Yeah I put them higher up so the halters wouldn't be too tight. If they were lower on the noses then the halter seems to tighten up easily and may rub. I'll take them off in 3-4 days, we'll see how they progress. If I have time this year, I think I'd like to show Rocket, but thats months away so I'm not counting on anything.lol


----------



## wynedot55 (Apr 6, 2009)

they are goodlooking calves.just dont let them dragg you though the pasture.


----------



## Imissmygirls (Apr 6, 2009)

She's been there, done that, got the scar tissue, Wynedot.
 I think that was senior year when she tore the arm apart when the steer bolted on her.  It wasn't that big or mean at all either, she just wasn't paying 100% attention at the time.
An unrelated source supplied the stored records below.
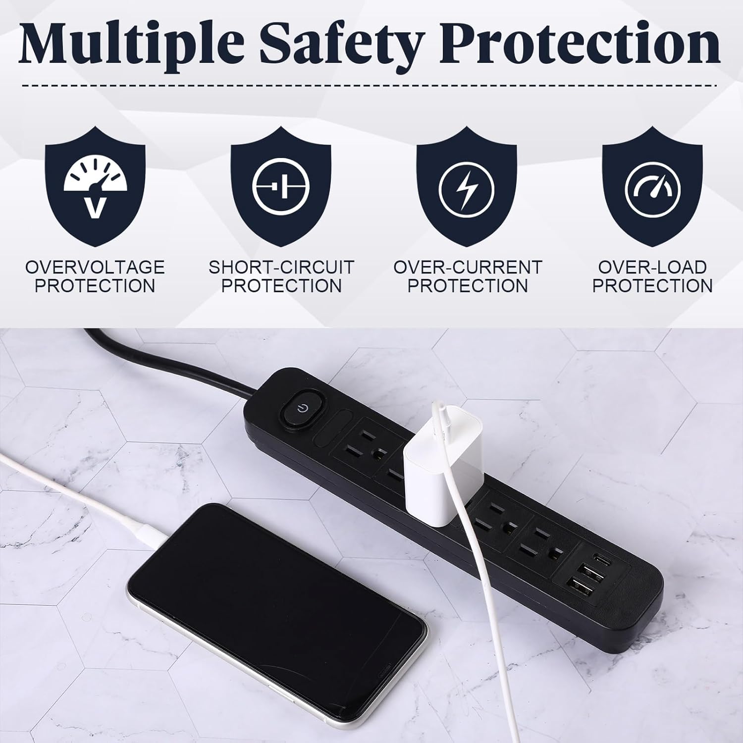 - Multiple Charging Options: you will get 6 pieces of power strips; This power strip offers a wide range of charging options with 5 AC outlets and 3 USB ports which including 2 USB ports and 1 USB-C ports (total: 5V/3.0A, 15W), making it a convenient and versatile choice for your devices; Whether you need to charge your phone, laptop, or other electronics, this power strip has got you covered; They have a full surge protection against voltage fluctuations
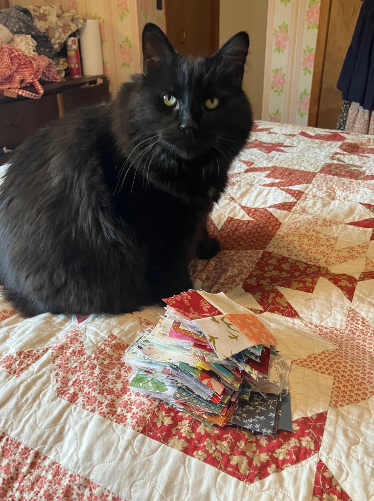 We got a nice little stack completed while working on our blocks. Of course, we’re these are small, so we are going to need a lot more than that to make a decent sized quilt. I suspect it will be at least another six months or so before we have anywhere near enough!
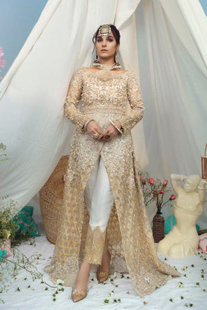 Commemorate the magic of idyllic festivities in this formal wear made in gold blush tulle which is a true epitome of grace and glamour. The intricate hand embellishments of gold tilla, sequins and pearls make this a statement peace. It is paired with raw silk pants which add the oomph to the whole look. The look is finished with a hand embellished belt wrenched at the waist.Color: Gold
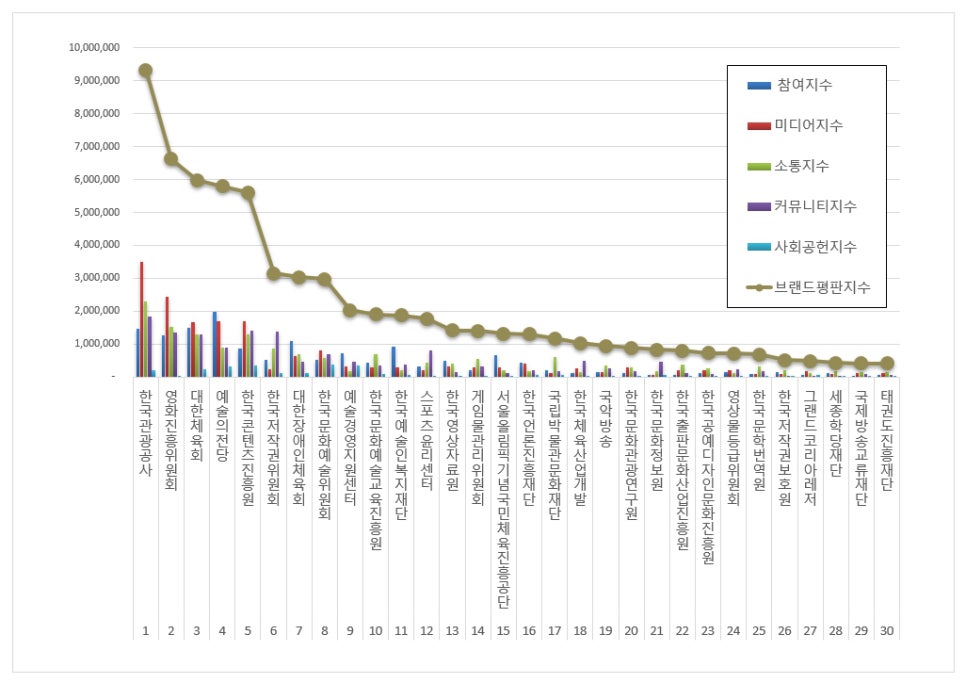 문화체육관광부 공공기관 브랜드평판 분석은 참여지수, 미디어지수, 소통지수, 커뮤니티지수, 사회공헌지수로 구분하여 브랜드평판지수를 산출하였다.
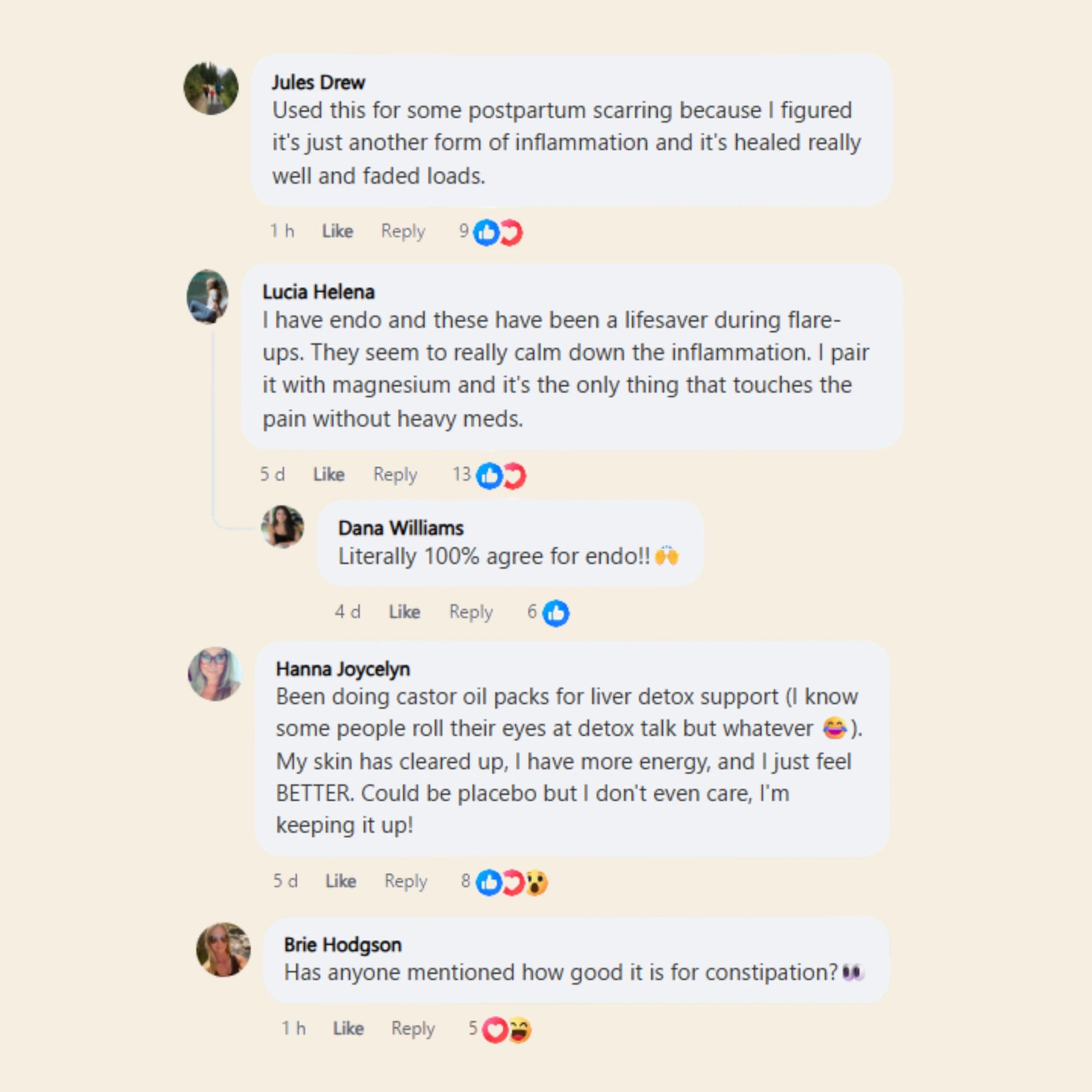 Battled with PCOS and extremely painful periods plus pain from cysts bursting. I was at my wits end, but for my past 3 cycles I’ve done castor-oil packs once per week for one hour each and I’ve seen nothing but amazing benefits. It has SIGNIFICANTLY decreased my symptoms: cramping, ovulation pain, bloating, etc. Also completely regulated my cycles!

Note to newbies: pay attention at all times you are at the end of the halter!

AH babies.. aren't they wonderful!?  Polish up those beef halters!


----------



## MReit (Apr 7, 2009)

Imissmygirls said:
			
		

> She's been there, done that, got the scar tissue, Wynedot.
> I think that was senior year when she tore the arm apart when the steer bolted on her.  It wasn't that big or mean at all either, she just wasn't paying 100% attention at the time. Note to newbies: pay attention at all times you are at the end of the halter!
> 
> AH babies.. aren't they wonderful!?  Polish up those beef halters!


Oh I was paying attention, my wonderful brother's POS truck backfired..lol..my hand just didn't let go fast enough. I miss that calf he was pretty, and your right, only 550lbs when he left.


----------



## wynedot55 (Apr 7, 2009)

ive had 2 or 3 heifers bolt on me.busting my head on the rocks.an dragging me behind them,esp since i wouldnt turn loose.an ive dealt with a heifer that would kick your head in.she would even mule kick the judge or any1 that walked behind her.


----------



## laughingllama75 (Apr 10, 2009)

wynedot55 said:
			
		

> she would even mule kick the judge or any1 that walked behind her.


Oooh, I bet that went over well with the judges. They LOVE that sort of thing. LOL.


----------



## wynedot55 (Apr 10, 2009)

oh we always made sure the judges walked wide behind her.because we knew she would kick at them.


----------